Uptrend stacks coins,on the financial stock charts as backgrou

A few days ago, during a dinner with a few experienced tech executives, we had a super interesting discussion about the current state of the public markets and its relationship with the venture industry. One of the topics we were debating was the value of understanding and following the state of public markets as an entrepreneur and CEO of  a private company.

The discussion was particularly interesting to me as I have been advocating the value of knowing to speak the language of public markets for private company CEOs. In my opinion, understanding the dynamics of public markets can be incredibly useful for a variety of reasons:

Understanding of Public Market is a Very Useful Skill

Socks, bonds, options, etc are statistical principles that describe the state of a company, industry, a country or the entire world. Understanding those principles can result incredibly beneficial during negotiations with potential large customers or investors. Whether you are a technologist, business person or an investor, I’ve found that understanding the language of public markets tends to be a very complementary skill that can become helpful is various situations.
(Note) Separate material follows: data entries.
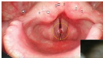
Polyper på högra stämbandet på grund av överansträngning

Två veckor senare kände jag vätska i min hals och sprang till badrummet. När jag spottade ut det var det blod. Jag förväntade mig att det var Guds svar och åkte till sjukhuset. Min läkare sa, ”Det är nästan omöjligt för polyper att spricka av sig själva...” och han tillade att jag hade tur. Polyperna på stämbanden var borta!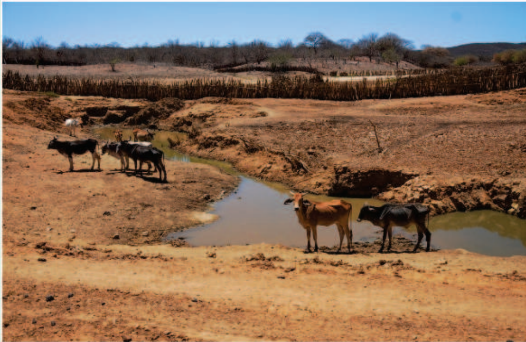
Piauí perdeu 61 mil animais com a estiagem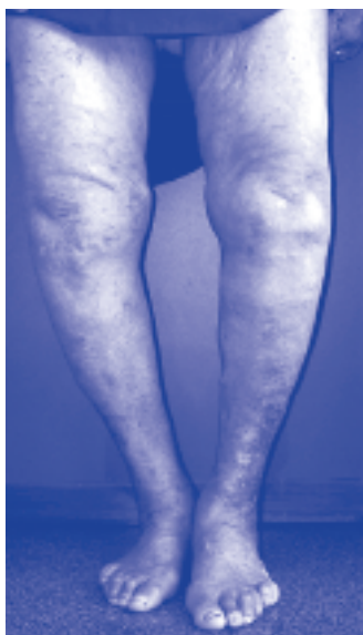
Figura 3. Arqueamiento de las rodillas por artrosis.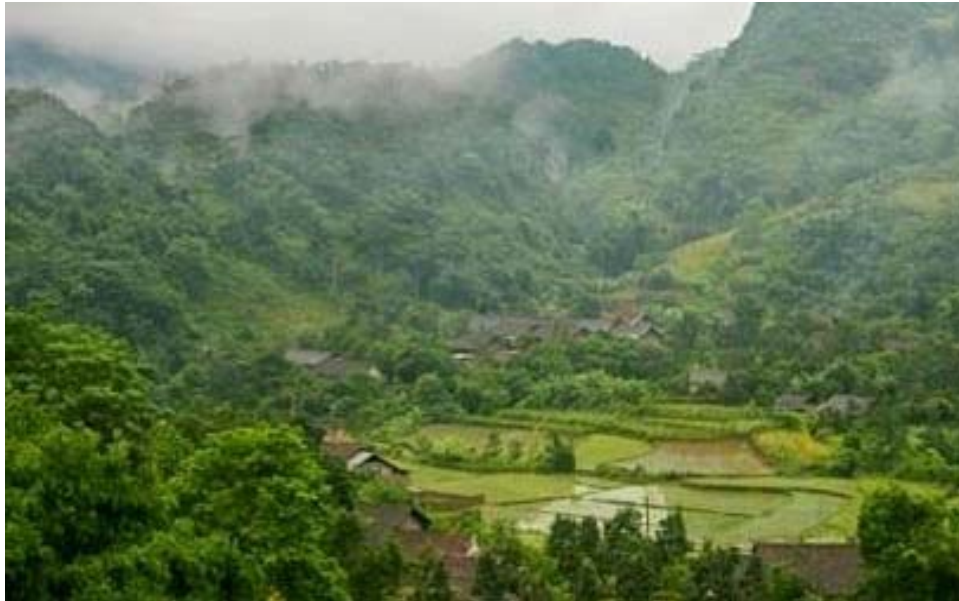
ກິນອາຫານຖືກຫຼັກໂພຊະນາການ, ສະພາບພູມສັນຖານມີຄວາມຍືດຍຸ່ນ

VCs Often Use Public Market Information to Calibrate Private Market Valuations

If you are raising money for your startup, it doesn’t hurt to validate the current state of public markets. Whether you like it or not, venture capitalists (VC) typically look at public market valuations as a way to calibrate the valuations of their investments. This is particularly true if your company is on a trajectory to go public at some point.

Public Market Downturns Affect the VC Industry

Public markets are the ultimate representation of an economic downturn. The indicators of difficult economic times ultimately affect the VC circles. If you were around during the 2000s or 2008 crisis, you might remember that it was impossible to raise a round of VC funding regardless of the quality of the investment.

Public Market Investors are Becoming More Active in Private Markets

In the last few years, a number of hedge funds and private equity firms have started to make inroads in the vC market. Those public market investors are typically lured by the opportunity to invest in fast growing private companies before a potential public offering. As a result, many startups are now raising institutional rounds from traditional public equity investors. In those circumstances, the understanding of public market dynamics can result incredibly helpful.

These are just some of the reasons why I believe developing an understanding of pubic markets can be incredibly valuable in your career. At the end, public markets are a language that you should know how to speak and that will expand your perspectives of your work, industry and even your life.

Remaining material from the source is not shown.